Vilsack’s move left the Obama administration without an Under Secretary for Food Safety for longer than it had one. No one in Congress seemed to know or care.

If anyone has proof that Tom Vilsack knows or cares about food safety, it might be a good time for them to come forward.  

As governor of Iowa, he was known for the famous Taylor’s Maid-Rite exemption for the Marshalltown, IA, restaurant’s reckless cooking practice for loose meat. Loose meat sandwiches are mostly an Iowa thing, and Taylor’s in Marshalltown made them using a cooker that was ripe for cross-contamination.   

While he was governor, Vilsack protected Taylor’s and the few others who risked food safety by winking at cross-contamination.   

Vilsack and Trump’s Secretary of Agriculture “Sonny” Perdue are really two peas in a pod.
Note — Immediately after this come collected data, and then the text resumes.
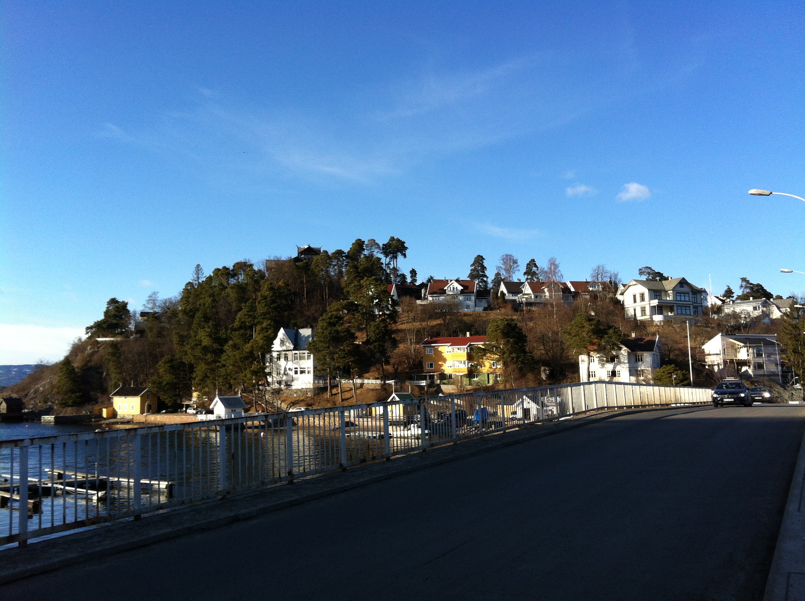 Da direkt vom Rikshospital die Trikk – Linie 18 (Straßenbahn) bis oberhalb von den beiden Inseln fährt bin ich die 13 km durch die Stadt gemütlich mit selbiger getuckelt (überarbeiten wollte ich mich nicht 😉 und die – im Wind – gefühlten 0° konnten mich für die lange Strecke auch nicht motivieren) und in „Holtet“ ausgestiegen. Von dort ging es dann über mehrere 170° Spitzkehren den Berg runter (ca. 120 Höhenmeter über dem Fjord gelegen) – coole Aussicht – am Hafen vorbei auf die Inselchen.
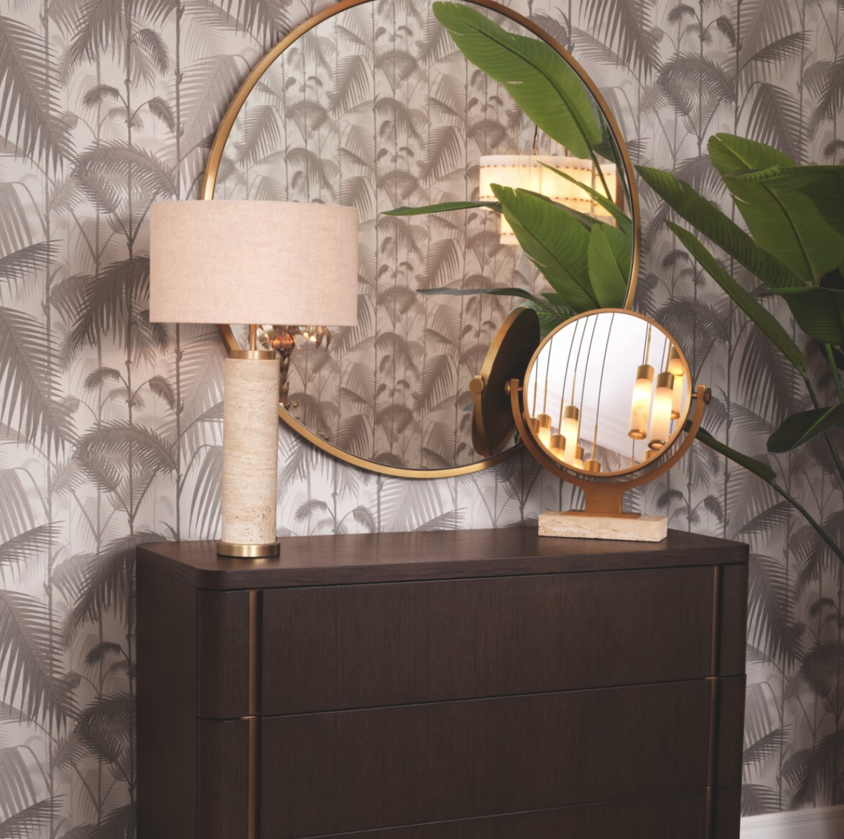 Lustro Briancon marki Eichholtz to wyrafinowane lustro stołowe zaprojektowane z myślą o codziennym komforcie. Obrotowa konstrukcja oraz rama w wykończeniu antique brass łączą funkcjonalność z elegancją. Stabilna podstawa z naturalnego trawertynu nadaje całości luksusowy charakter i zapewnia trwałość. To idealny dodatek do toaletki lub łazienki, doskonały do makijażu i golenia. Wymiary: Ø 40 | szer. 30 | gł. 12 | wys. 56 cm
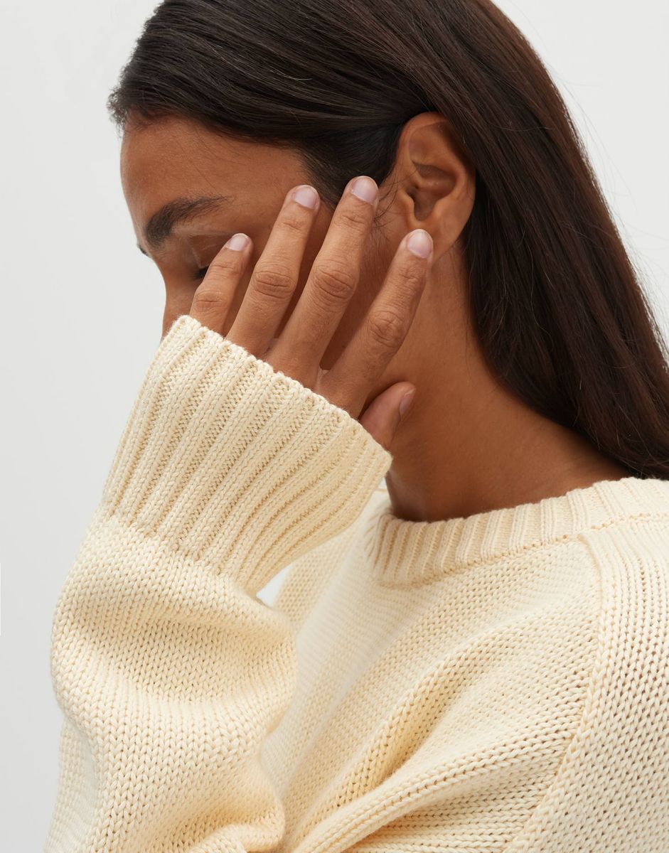 lockere Passform, gerader Schnitt, Langarm, Rundhalsausschnitt, Rückenlänge ca. 56 cm bei Größe 36, Model Größe 176 cm – trägt Größe 36, Feinstrick, weicher Griff, wärmend, Strickbündchen

Both are former ag state governors who are plugged into the industry. Just as Vilsack’s loose meat history does not add up to much of a good safety record, Perdue did not exactly run to the scene in his state when he was governor of the 2008 Salmonella outbreak caused by Peanut Corporation of American peanuts and paste either.

No one much cared about that when Perdue’s appointment as ag secretary went through four years ago. But what they care about is that USDA net farm income is projected to total $120 billion for 2020, up to $38 billion over 2019. Direct government farm payments drive that number and Perdue’s name is associated with every dollar that goes out.

And, now we can strike “Sonny’s” name and substitute “Tom Vilsack.” It’s part of a system, but one that we just cannot say has anything to do with food safety, which is always touted as a top USDA priority.